Добавить в цитаты Настройки чтения

Страница 10 из 11



Антон хотел сказать, что с середины и в конце войны ко всему этому отношение было уже другое, но дед по пятилеткам не мерил, для него все годы после семнадцатого были одноцветным советским временем, оттенки его не занимали.

«Как и все люди прошлого века…» — начинал формулировать Антон. Да, прошлого, прошлого века.

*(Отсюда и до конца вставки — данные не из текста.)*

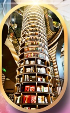
หอหนังสือจงซูเก๋อ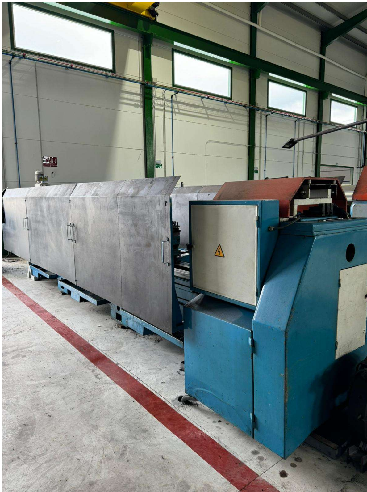
TORNO PARALELO MANUAL ECHA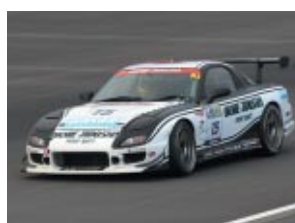
ST-3クラス 岡部自動車ディクセルIWASAKI RX-7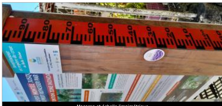
Macaron et échelle limnimétrique

SOURCE DE REPÉRAGE : COMMUNAUTÉ D'AGGLOMÉRATION LA RIVIÈRE DU LEVANT -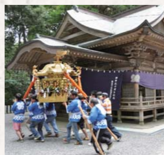
重い御輿を担ぎ、境内を全力疾走

9月21日、二瀬本神社で例大祭が開催されました。祭りでは神楽の奉納を始め、多くの催しが行われました。なかでも毎年、総代のくじによって担ぎ手を選び、神社の境内を3周走り抜ける御輿はこの祭りの一番の見どころ。1周することに神社の前で神楽が奉納され、その間は御輿をおろす事はできません。見物人が境内の周りで見守る中、今年も神楽を奉納する事ができました。 その他にも、蘇陽小学校児童による鼓笛演奏や二瀬本保育園児によるエイサー踊りの奉納のほか、神社内にある舞台でも数多くの催しが行われました。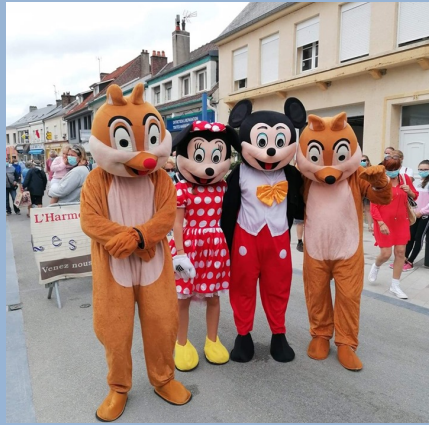
Mickey et les amis réunis au Crotoy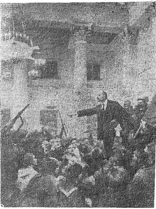
В. И. Ленин провозглашает Советскую власть (с картины художника В. Серова).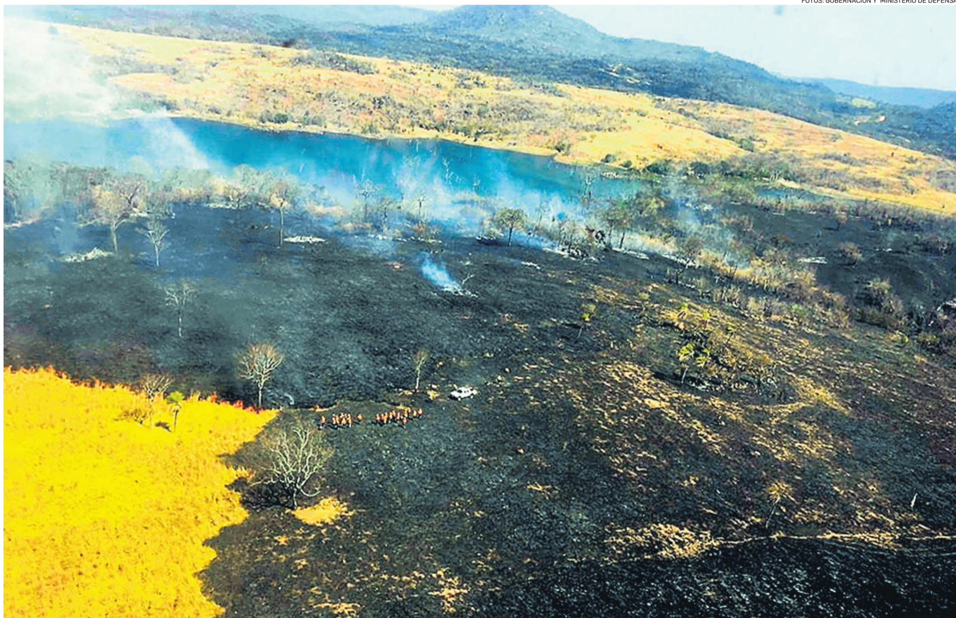
EL ANMI San Matías y otras zonas de este municipio son afectadas por las llamas desde hace un mes. El Gobierno desplazó ayuda para combatir el fuego por tierra y aire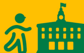
Plan n°1 – Plan d'emprises et de circulation

2 nouvelles stations de métro : Aimé Césaire - Mairie d'Aubervilliers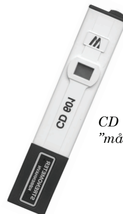
CD 601 ”måske egnet ?”

Og så en lille detalje: 25 poser med 20 ml kalibreringsopløsning koster 200,- kr. (kan også købes stykvis for 20,- kr.). Har du råd til at lade være med at kontrollere dit instrument?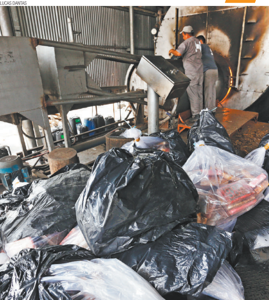
Virou pó - Carga de cocaína, avaliada em R$ 20 milhões, foi queimada pela Polícia Civil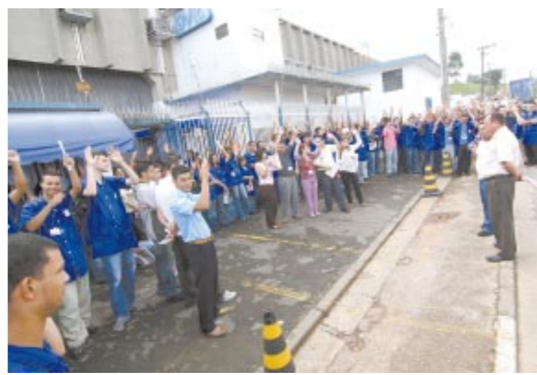
Novo plano garante realização de seleção interna para ocupar vagas abertas

O plano de cargos e salários na SMS é revisto e re-

Он отправлялся бродить по городу.

Разговоры с дедом почему-то чаще всего наталкивали на тему, которую Антон озаглавливал «О тщете исторической науки». Что может твоя наука, историк Стремоухов? Пугачевский бунт мы представляем по «Капитанской дочке». И появись еще куча исследований — уточняющих, опровергающих, — пугачевщина в сознании нации навсегда останется такою, какой изображена в этой повестушке. Ты занимался Пугачевым как историк. Много изменили в твоем ощущении эпохи документы? Будь откровенен. А война 1812 года? Всегда и во веки веков она пребудет той, которая разворачивается на страницах «Войны и мира». И сколько здесь от случая. Допиши Пушкин «Арапа», мы бы и Петра знали по нему. Почему? Историческое бытие человека — жизнь во всем ее охвате; историческая же наука давно разбилась на истории царствований, формаций, революций, философских учений, историю материальной культуры. Ни в одном научном сочинении человек не дан в скрещении всего этого — а ведь именно в таком перекрестье он пребывает в каждый момент своего существования. И сквозь этот прицел его видит только писатель.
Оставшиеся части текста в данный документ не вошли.